[EXERCISE BRIEF]:
Among the entries below, extract exactly the lines that run from the one with "The stainless steel" through the one with "Brunch e Bubble", both ends included.

[DATA FOR THE TASK]:

● ● ● ● ● ● ●

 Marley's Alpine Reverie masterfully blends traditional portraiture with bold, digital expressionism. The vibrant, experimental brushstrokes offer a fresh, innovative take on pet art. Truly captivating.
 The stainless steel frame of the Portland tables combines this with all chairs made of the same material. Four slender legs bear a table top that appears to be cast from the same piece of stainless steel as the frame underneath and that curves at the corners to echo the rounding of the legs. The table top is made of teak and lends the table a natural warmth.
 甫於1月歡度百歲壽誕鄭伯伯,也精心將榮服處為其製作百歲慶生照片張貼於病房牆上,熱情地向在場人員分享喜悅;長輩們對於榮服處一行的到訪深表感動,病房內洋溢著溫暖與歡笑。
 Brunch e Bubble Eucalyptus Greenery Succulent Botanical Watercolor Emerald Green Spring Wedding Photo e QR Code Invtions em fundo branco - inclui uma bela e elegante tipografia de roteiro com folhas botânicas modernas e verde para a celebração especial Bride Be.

● ● ● ● ● ● ●

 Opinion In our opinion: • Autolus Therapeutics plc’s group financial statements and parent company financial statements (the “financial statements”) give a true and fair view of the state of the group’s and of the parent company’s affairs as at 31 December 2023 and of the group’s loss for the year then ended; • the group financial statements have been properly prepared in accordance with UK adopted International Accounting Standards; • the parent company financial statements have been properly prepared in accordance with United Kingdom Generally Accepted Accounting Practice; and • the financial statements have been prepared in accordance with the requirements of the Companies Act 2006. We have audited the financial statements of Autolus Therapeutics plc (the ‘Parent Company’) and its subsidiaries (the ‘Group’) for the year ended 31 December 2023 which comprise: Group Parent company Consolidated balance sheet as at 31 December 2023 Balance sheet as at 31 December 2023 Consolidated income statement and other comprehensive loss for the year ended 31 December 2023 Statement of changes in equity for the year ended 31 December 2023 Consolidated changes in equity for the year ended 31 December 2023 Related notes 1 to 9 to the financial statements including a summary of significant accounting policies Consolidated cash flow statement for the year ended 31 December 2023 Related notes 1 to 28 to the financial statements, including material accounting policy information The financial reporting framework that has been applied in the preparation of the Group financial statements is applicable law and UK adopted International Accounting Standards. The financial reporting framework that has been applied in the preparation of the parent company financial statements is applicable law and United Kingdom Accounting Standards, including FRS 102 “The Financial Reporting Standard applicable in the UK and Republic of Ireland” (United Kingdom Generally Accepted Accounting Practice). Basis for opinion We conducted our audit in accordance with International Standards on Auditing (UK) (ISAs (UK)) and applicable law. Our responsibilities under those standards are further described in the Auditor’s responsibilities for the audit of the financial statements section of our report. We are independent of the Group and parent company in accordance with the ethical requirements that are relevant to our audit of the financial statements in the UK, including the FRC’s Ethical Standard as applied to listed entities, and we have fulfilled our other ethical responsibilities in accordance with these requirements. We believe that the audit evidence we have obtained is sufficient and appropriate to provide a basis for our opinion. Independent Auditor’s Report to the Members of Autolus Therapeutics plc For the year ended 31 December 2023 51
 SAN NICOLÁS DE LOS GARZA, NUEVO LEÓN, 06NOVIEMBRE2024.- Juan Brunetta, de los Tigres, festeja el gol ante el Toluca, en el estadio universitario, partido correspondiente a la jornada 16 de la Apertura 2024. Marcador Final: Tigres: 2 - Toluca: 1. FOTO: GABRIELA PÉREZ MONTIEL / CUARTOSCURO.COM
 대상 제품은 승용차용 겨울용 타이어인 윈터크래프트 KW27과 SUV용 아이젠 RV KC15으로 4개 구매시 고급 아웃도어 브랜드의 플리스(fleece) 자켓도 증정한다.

● ● ● ● ● ● ●

[SOLUTION TO THE EXERCISE]:
 The stainless steel frame of the Portland tables combines this with all chairs made of the same material. Four slender legs bear a table top that appears to be cast from the same piece of stainless steel as the frame underneath and that curves at the corners to echo the rounding of the legs. The table top is made of teak and lends the table a natural warmth.
 甫於1月歡度百歲壽誕鄭伯伯,也精心將榮服處為其製作百歲慶生照片張貼於病房牆上,熱情地向在場人員分享喜悅;長輩們對於榮服處一行的到訪深表感動,病房內洋溢著溫暖與歡笑。
 Brunch e Bubble Eucalyptus Greenery Succulent Botanical Watercolor Emerald Green Spring Wedding Photo e QR Code Invtions em fundo branco - inclui uma bela e elegante tipografia de roteiro com folhas botânicas modernas e verde para a celebração especial Bride Be.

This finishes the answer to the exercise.